The use of logistic regression for evaluating the general performance of a familial database search will be demonstrated through an example. The logistic regression approach, however, uses only the random match probabilities but not the detail information provided in the DNA evidence for a particular case. For practical crime cases, it may be also necessary to determine the most appropriate scale of the crime investigation by fully utilizing the available DNA evidences. In the next section, we develop a novel strategy on deciding the number of individuals to be investigated after the familial search, based on an estimate of the hit rate of the crime investigation on a specific number of top-listed candidates.
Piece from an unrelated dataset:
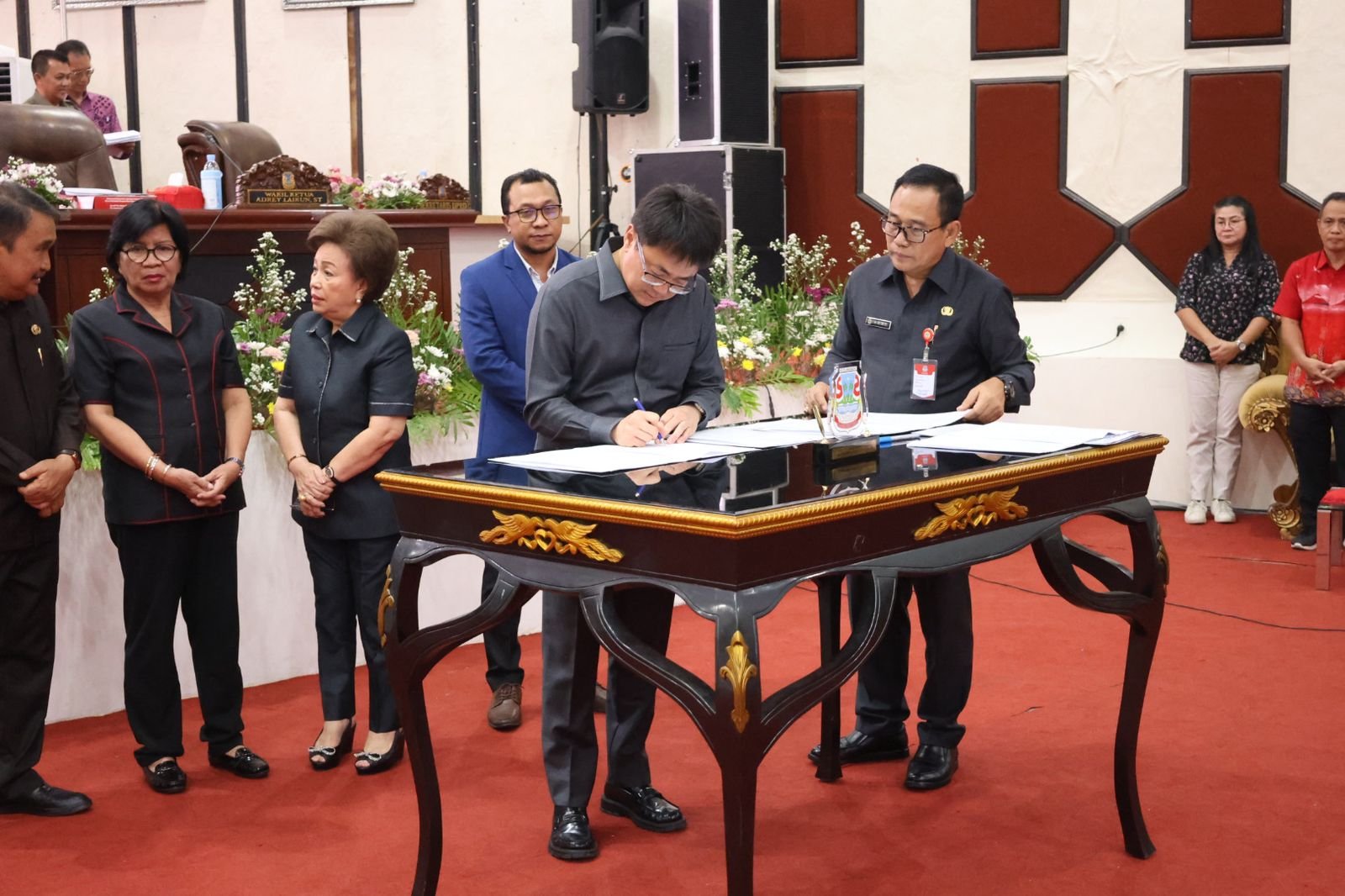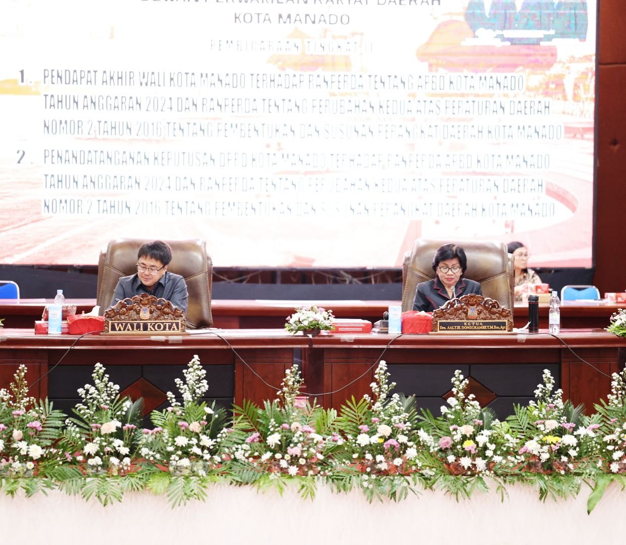 Usai mendapat persetujuan semua anggota DPRD yang hadir agar Ranperda-Ranperda ini ditetapkan sebagai Perda, acara dilanjutkan dengan Penandatanganan Keputusan DPRD Kota Manado terhadap Ranperda APBD Kota Manado Tahun Anggaran 2024 dan Ranperda tentang Perubahan Kedua Atas Peraturan Daerah nomor 2 tahun 2016 tentang Pembentukan dan Susunan Perangkat Daerah Kota Manado.

Determining scale of crime investigation

Denote H D as the hypothesis that the sibling of the contributor is in the database, i.e., H D = ∪  i ∈ D H i . Under the assumption that the relative of someone in the database contributes to the mixture, the posterior probability that the contributor is the relative of individual j, given the mixture profile M, victim profile V and database profiles X D = {X j l ,j ∈ D,l = 1,...,L} can be expressed as

$$\begin{array}{lll} \label{eqn:posterior} &&{\kern-6pt} P(H_j|M,V,\mathbf{X_{\rm D}},H_{\rm D})\\ &&{\kern6pt} =\frac{P(M|V,X_j,H_j)P(H_j|H_{\rm D})}{\sum_{i\in D}P(M|V,X_i,H_i)P(H_i|H_{\rm D})}. \end{array} $$
(3)

whereeX j  = {X j l ,l = 1,...,L} for j ∈ D. The proof of Eq. 3 is given in the “Appendix.” Under most common scenarios, it is sensible to assume a uniform prior for H i so that Eq. 3 becomes

$$ \label{eqn:posterior2} P(H_j|M,V,\mathbf{X_{\rm D}},H_{\rm D})=\frac{P(M|V,X_j,H_j)}{\sum_{i\in D}P(M|V,X_i,H_i)}. $$
(4)

Alternatively, other priors can also be used if the police authority has acquired more information about the family status details of each individual in the database.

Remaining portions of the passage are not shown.